*** Records provided ***

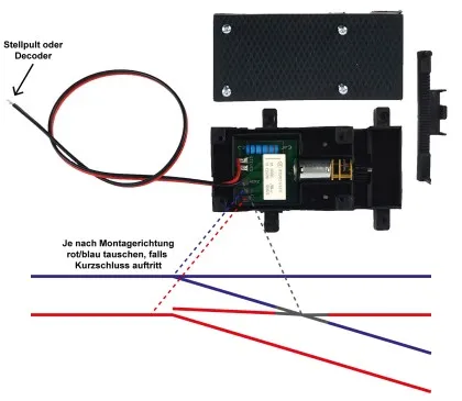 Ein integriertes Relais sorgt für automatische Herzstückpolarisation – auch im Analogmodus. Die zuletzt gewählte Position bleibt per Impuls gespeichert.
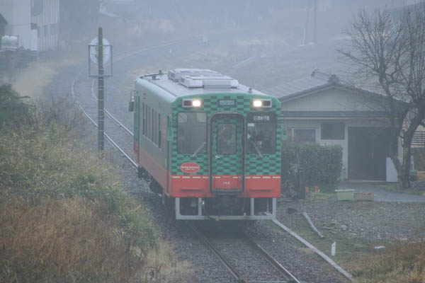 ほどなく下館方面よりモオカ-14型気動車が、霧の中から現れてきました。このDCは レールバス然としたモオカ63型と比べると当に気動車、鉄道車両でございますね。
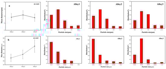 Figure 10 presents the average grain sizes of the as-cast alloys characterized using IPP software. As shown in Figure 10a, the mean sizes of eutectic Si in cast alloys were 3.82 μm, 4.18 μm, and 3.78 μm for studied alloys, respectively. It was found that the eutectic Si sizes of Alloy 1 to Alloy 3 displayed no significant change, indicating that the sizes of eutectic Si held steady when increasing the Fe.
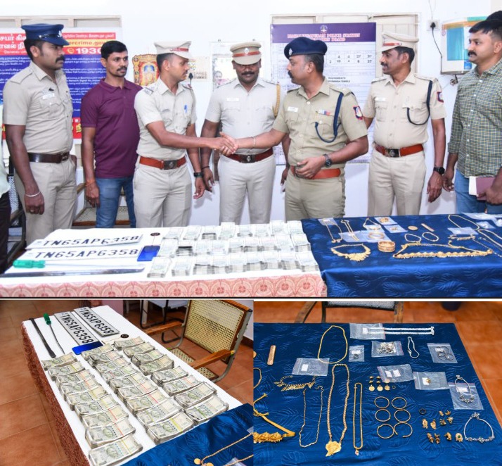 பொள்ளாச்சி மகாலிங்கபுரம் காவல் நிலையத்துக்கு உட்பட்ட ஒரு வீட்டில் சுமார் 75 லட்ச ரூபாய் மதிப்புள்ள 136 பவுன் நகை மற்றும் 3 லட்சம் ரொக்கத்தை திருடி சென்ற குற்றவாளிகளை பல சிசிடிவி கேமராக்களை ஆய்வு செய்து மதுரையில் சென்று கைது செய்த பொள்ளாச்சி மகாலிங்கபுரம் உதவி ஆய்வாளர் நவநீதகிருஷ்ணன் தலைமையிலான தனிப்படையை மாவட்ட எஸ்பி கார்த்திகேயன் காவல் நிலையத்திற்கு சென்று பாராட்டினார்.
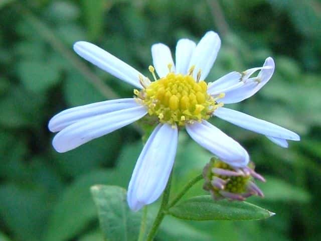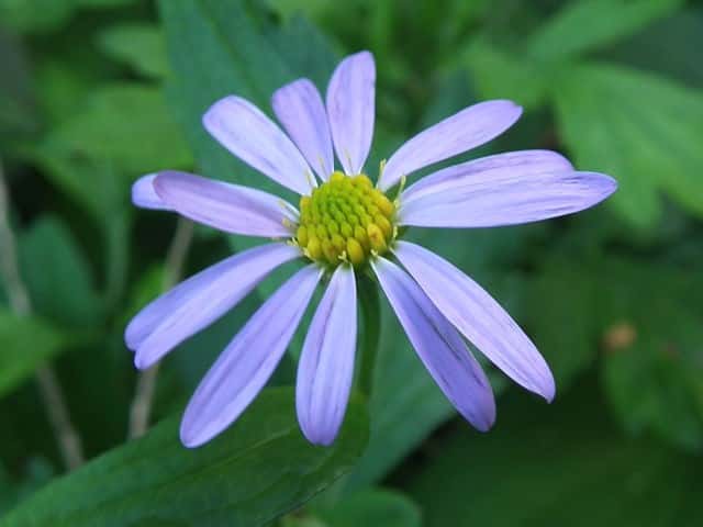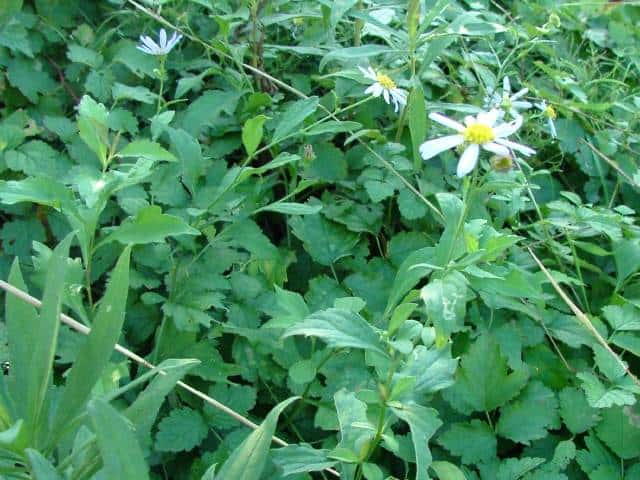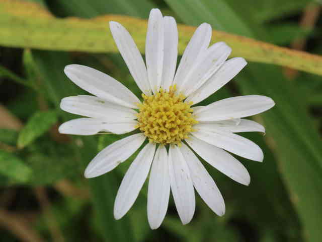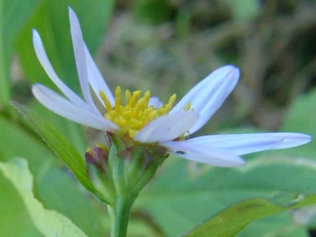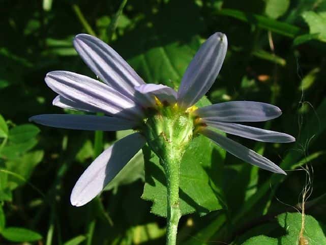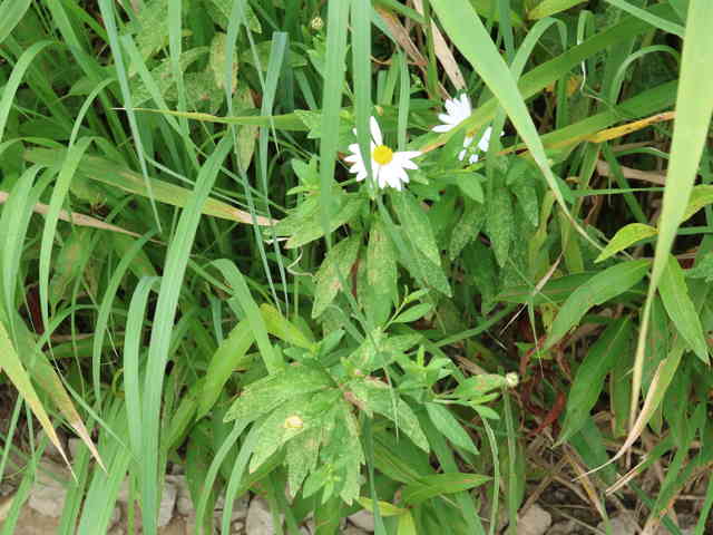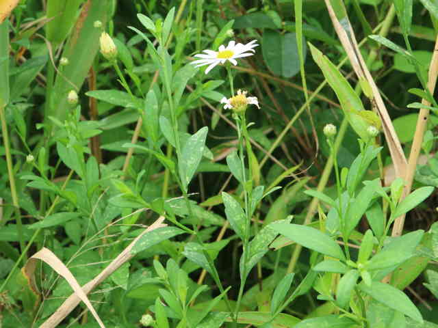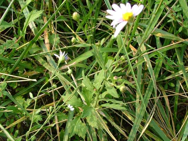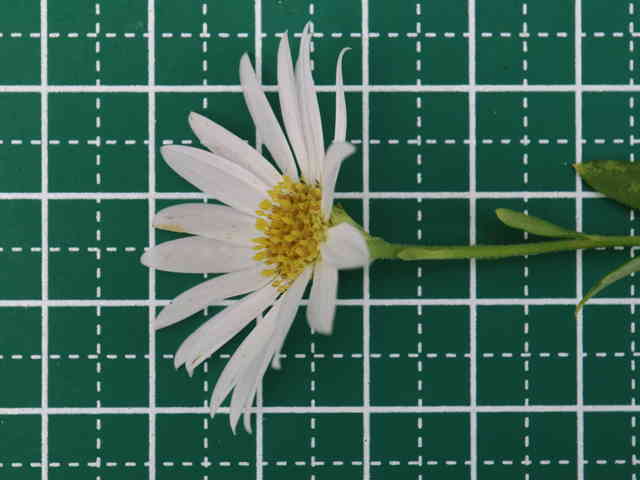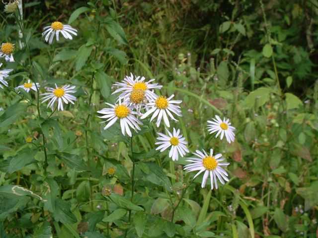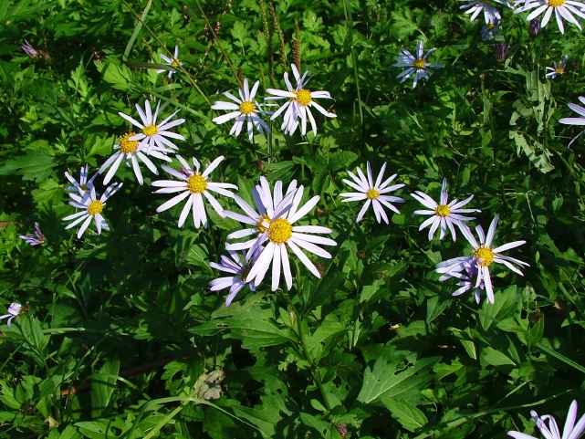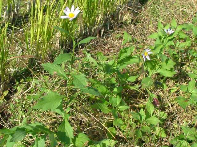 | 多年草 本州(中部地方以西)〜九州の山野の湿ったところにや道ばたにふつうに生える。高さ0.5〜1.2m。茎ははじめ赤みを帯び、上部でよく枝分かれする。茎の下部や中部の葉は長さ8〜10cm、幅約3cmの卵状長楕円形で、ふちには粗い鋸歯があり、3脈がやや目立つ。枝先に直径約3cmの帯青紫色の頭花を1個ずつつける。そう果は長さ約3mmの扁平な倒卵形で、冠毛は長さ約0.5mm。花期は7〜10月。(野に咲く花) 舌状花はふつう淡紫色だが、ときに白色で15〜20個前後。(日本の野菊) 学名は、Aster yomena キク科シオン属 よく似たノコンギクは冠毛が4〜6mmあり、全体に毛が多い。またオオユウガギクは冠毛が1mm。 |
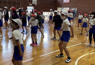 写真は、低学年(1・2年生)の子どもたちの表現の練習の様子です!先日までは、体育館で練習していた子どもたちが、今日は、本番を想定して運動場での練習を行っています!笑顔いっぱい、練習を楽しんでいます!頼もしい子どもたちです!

***

What is required
Pictures are to be left out; the lines from the start of the records above through the line holding "ほどなく下館方面よりモオカ-14型気動車" are to be returned exactly.

Result for this task
 Ein integriertes Relais sorgt für automatische Herzstückpolarisation – auch im Analogmodus. Die zuletzt gewählte Position bleibt per Impuls gespeichert.
 ほどなく下館方面よりモオカ-14型気動車が、霧の中から現れてきました。このDCは レールバス然としたモオカ63型と比べると当に気動車、鉄道車両でございますね。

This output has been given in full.